(Given material Opens)

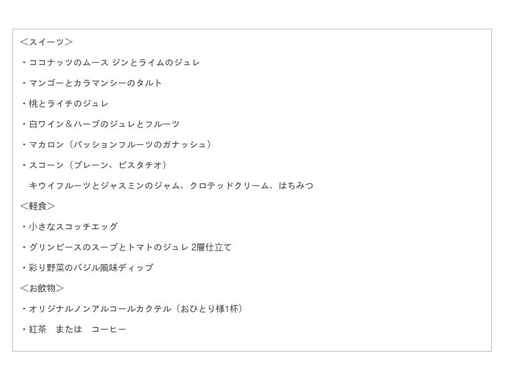 ◇商 品 名 :アフタヌーンティー“クロリ・エタン” ※前日までのご予約制
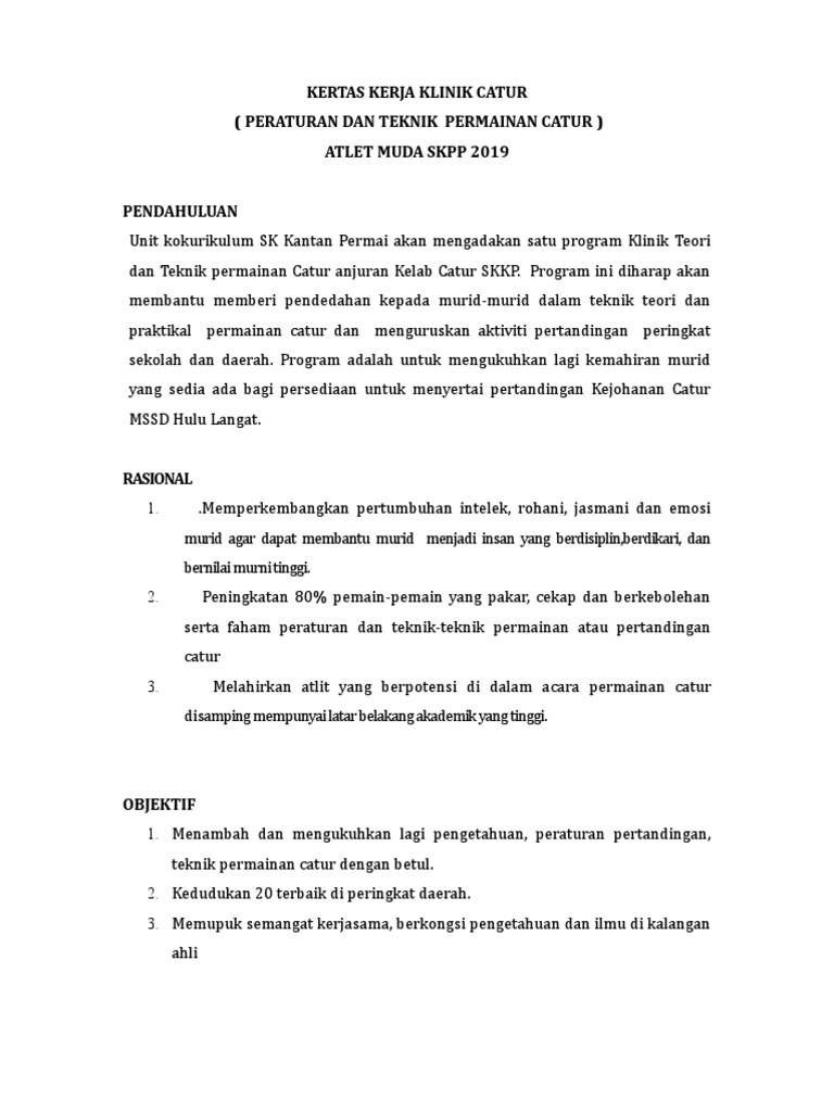 Contoh Kertas Kerja Bengkel Catur
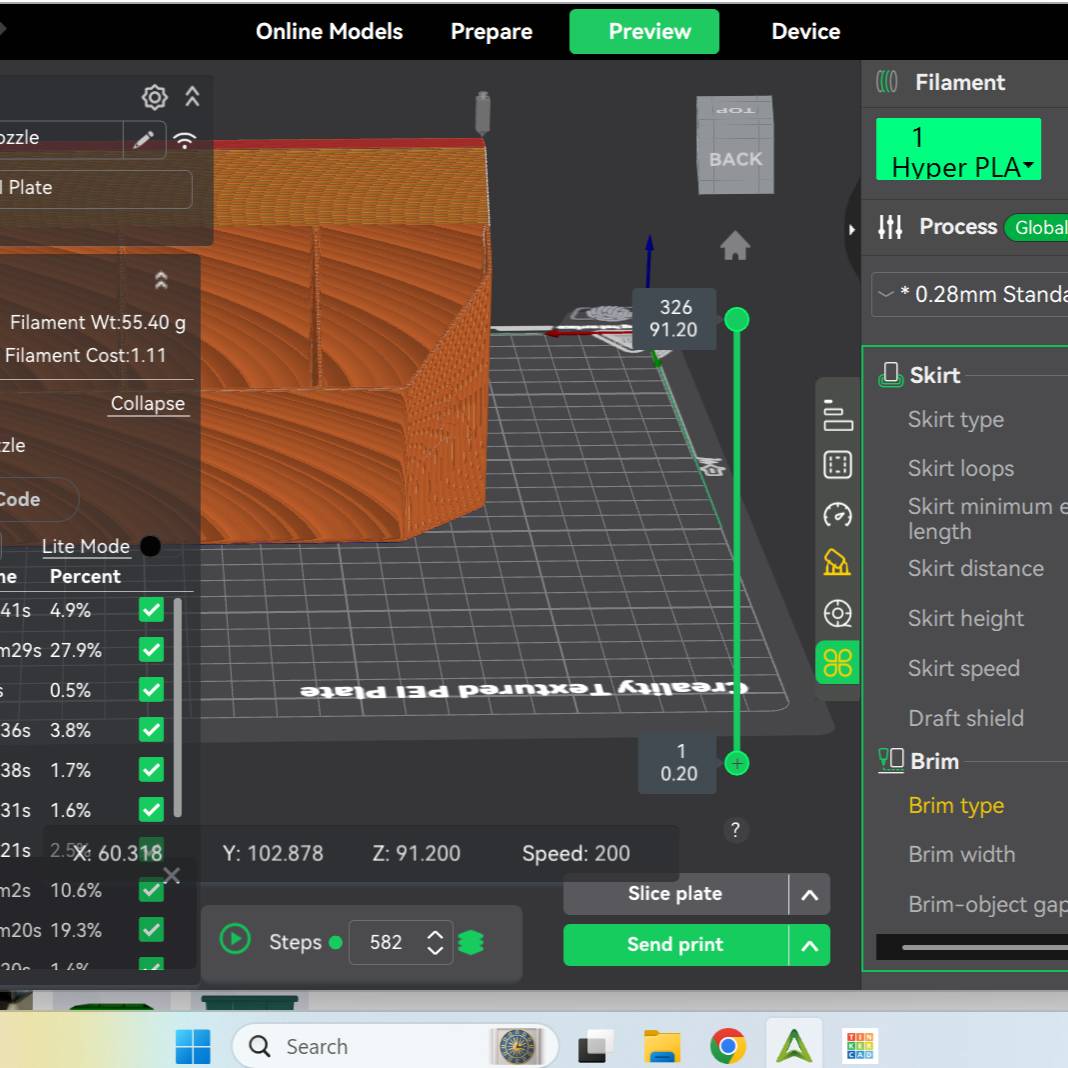 0.28mm layer, 2 walls, 15% infill
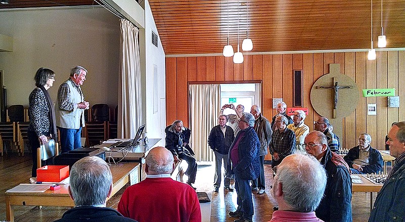 Im inzwischen vertrauten Gemeindesaal St. Bonifatius begrüßten Turnierorganisator Willy Rosen und Frau Knebel die Teilnehmer und erinnerten an das Wirken des vor 9 Jahren allzu früh verstorbenen Willi Knebel.

(Given material Closes)

Required work:
Before you finish, make sure every line above has been repeated exactly and no picture remains in the copy.

Output of the task:
 ◇商 品 名 :アフタヌーンティー“クロリ・エタン” ※前日までのご予約制
 Contoh Kertas Kerja Bengkel Catur
 0.28mm layer, 2 walls, 15% infill
 Im inzwischen vertrauten Gemeindesaal St. Bonifatius begrüßten Turnierorganisator Willy Rosen und Frau Knebel die Teilnehmer und erinnerten an das Wirken des vor 9 Jahren allzu früh verstorbenen Willi Knebel.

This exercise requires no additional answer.